Hyperprolactinemia Following Ovarian Cauterization
Hyperprolactinemia is a potential postoperative complication following LOD. Women who fail to ovulate after ovarian drilling despite improved hormonal profiles and reduced serum testosterone levels may exhibit elevated prolactin (PRL) concentrations. The underlying mechanism remains unclear, although one proposed explanation involves ovarian surface scarring and persistent neural stimulation, leading to neurogenic hyperprolactinemia [49].
Patient-Specific Factors in Surgical Decision-Making
Given the distinct advantages and limitations of each surgical technique, careful consideration of patient-specific factors is essential when selecting the most appropriate intervention. LOD may be preferred in women with CC-resistant PCOS who have contraindications to multiple pregnancies or additional indications for laparoscopy [2]. One notable advantage of ovarian drilling is its low risk of multiple gestations and ovarian hyperstimulation syndrome [4]. Other important determinants of surgical success include hormonal profile and BMI. Women with PCOS who have preoperative LH levels of >10 IU/L, a BMI of <30 kg/m², and ovulatory resistance to CC are considered optimal candidates for LOD [50]. A comparative overview of LOD and TVOD is illustrated in Figure 1. Table 3 shows the comparison of efficacy between LOD and other medical treatments in CC-resistant PCOS patients.
Figure 1 and Tables 1-3 were created entirely by the authors. No figures or tables were reproduced, adapted, or obtained from previously published sources.
Conclusions
LOD represents a well-established second-line treatment for CC-resistant PCOS, with the primary goal of restoring mono-ovulatory cycles.
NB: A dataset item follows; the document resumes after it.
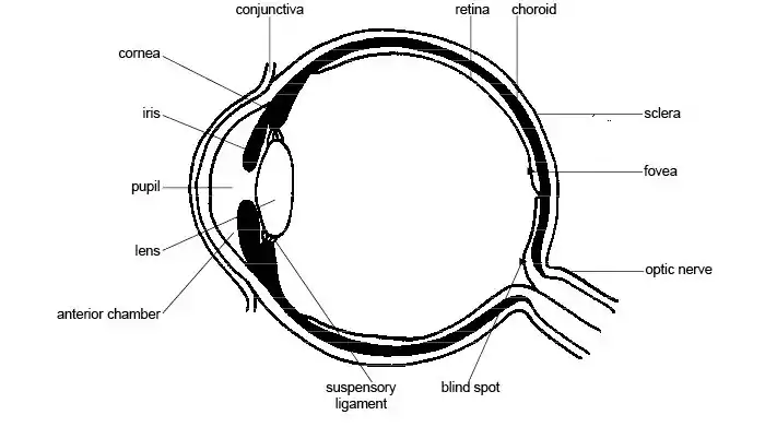 optic nerve | choroid | cornea | aqueous humor | retina | cones | iris | vitreous humour | sclera | lens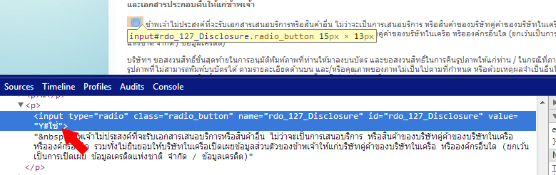 นี่ไงครับ! เขาตั้งค่าตัวแปร (value) ให้ส่งค่าว่า "ใช่" เสมอ ไม่ว่าจะกดเลือกหรือไม่ก็ตาม!

When appropriately performed, LOD is a safe and effective procedure that can improve ovulation, pregnancy, and live birth rates while significantly reducing the risk of multiple gestations. Its benefits are most pronounced in carefully selected patients, particularly those with elevated LH levels and shorter durations of infertility. Although potential risks such as adhesion formation and ovarian reserve reduction exist, these complications are largely preventable with proper technique and energy control.
TVOD has emerged as a promising minimally invasive alternative to conventional laparoscopy, offering comparable efficacy with lower procedure-related morbidity, reduced adhesion risk, and suitability for outpatient or day-surgery settings. By improving hormonal profiles and facilitating ovulation, TVOD expands therapeutic options for women with PCOS-related infertility, particularly those who may benefit from a less invasive approach. The choice between LOD and TVOD should be individualized, taking into account patient characteristics, prior treatment response, and procedural risk profiles. Further research is warranted to optimize patient selection and refine both techniques to maximize reproductive outcomes.